Whisper Large v3 Turbo German - Faster Whisper
Overview
This repository contains a high-performance German speech recognition model based on OpenAI's Whisper Large v3 Turbo architecture. The model has been optimized using CTranslate2 for faster inference and reduced memory usage, making it ideal for production deployments.
Original Model
This model is based on the work from primeline/whisper-large-v3-turbo-german and has been converted to CTranslate2 format for optimal performance with faster-whisper.
Model Details
- Architecture: Whisper Large v3 Turbo
- Language: German (de)
- Parameters: 809M
- Format: CTranslate2 optimized
- License: Apache 2.0
While this model is optimized for German, it can also transcribe multiple languages supported by Whisper Large v3 Turbo, though accuracy may vary depending on the language.
Performance
The model achieves state-of-the-art performance on German speech recognition tasks with a Word Error Rate (WER) of 2.628% on comprehensive test datasets.
Use Cases
This model is designed for various German speech recognition applications:
- Real-time Transcription: Live audio transcription for meetings, lectures, and conferences
- Media Processing: Automatic subtitle generation for German video content
- Voice Assistants: Speech-to-text conversion for voice-controlled applications
- Call Center Analytics: Transcription and analysis of customer service calls
- Accessibility Tools: Converting spoken German to text for hearing-impaired users
- Document Creation: Voice-to-text dictation for content creation
Installation and Usage
Prerequisites
pip install faster-whisper torch
Basic Usage
from faster_whisper import WhisperModel
# Load the model
model = WhisperModel(
"TheChola/whisper-large-v3-turbo-german-faster-whisper",
device="cuda", # Use GPU for speed
compute_type="float16" # Use FP16 for efficiency (can change to "int8" for lower memory)
)
# Transcribe audio file
segments, info = model.transcribe("audio.wav", language="de")
# Print results
for segment in segments:
print(f"[{segment.start:.2f}s -> {segment.end:.2f}s] {segment.text}")
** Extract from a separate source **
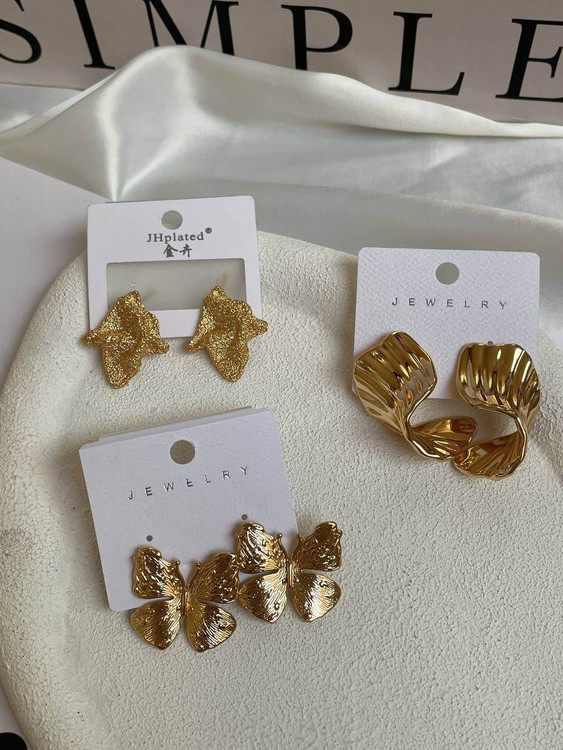کالکشن گوشواره طلایی پینترستی/آبکاری رادیوم/میخ استیل/ضدحساسیت/بسيار سبک در گوش/هرگونه بدلیجات از مواد شوینده ،عطر ،ادکلن،استخر دور باشد

Advanced Usage with Options
from faster_whisper import WhisperModel
# Load the German-optimized Whisper large-v3 turbo model from Hugging Face
model = WhisperModel(
"TheChola/whisper-large-v3-turbo-german-faster-whisper",
device="cuda", # Use GPU for speed
compute_type="float16" # Use FP16 for efficiency (can change to "int8" for lower memory)
)
# Transcribe with additional options
segments, info = model.transcribe(
"audio.wav",
language="de",
beam_size=5,
best_of=5,
temperature=0.0,
condition_on_previous_text=False,
vad_filter=True,
vad_parameters=dict(min_silence_duration_ms=500)
)
print(f"Detected language: {info.language} (probability: {info.language_probability:.2f})")
print(f"Duration: {info.duration:.2f} seconds")
for segment in segments:
print(f"[{segment.start:.2f}s -> {segment.end:.2f}s] {segment.text}")
Model Specifications
- Input: Audio files (WAV, MP3, FLAC, etc.)
- Output: German text transcription with timestamps
- Sampling Rate: 16kHz (automatically resampled if needed)
- Context Length: 30 seconds per chunk
- Supported Audio Formats: All formats supported by FFmpeg
Hardware Requirements
Minimum Requirements
- CPU: 4 cores, 8GB RAM
- GPU: Optional, but recommended for faster inference
Recommended Requirements
- CPU: 8+ cores, 16GB+ RAM
- GPU: NVIDIA GPU with 4GB+ VRAM (RTX 3060 or better)
- Storage: 2GB free space for model files
Performance Benchmarks
Device | Batch Size | Real-time Factor | Memory Usage |
---|---|---|---|
CPU (8 cores) | 1 | 0.3x | 2GB |
RTX 3060 | 4 | 0.1x | 4GB |
RTX 4080 | 8 | 0.05x | 6GB |
Model Files
This repository contains the following files:
model.bin
- Main model weights in CTranslate2 formatconfig.json
- Model configurationtokenizer.json
- Tokenizer configurationvocab.json
- Vocabulary mapping- Additional configuration files for preprocessing and generation
Limitations
- Optimized specifically for German language
- Performance may vary on non-German accents or dialects
- Best results achieved with clear audio (minimal background noise)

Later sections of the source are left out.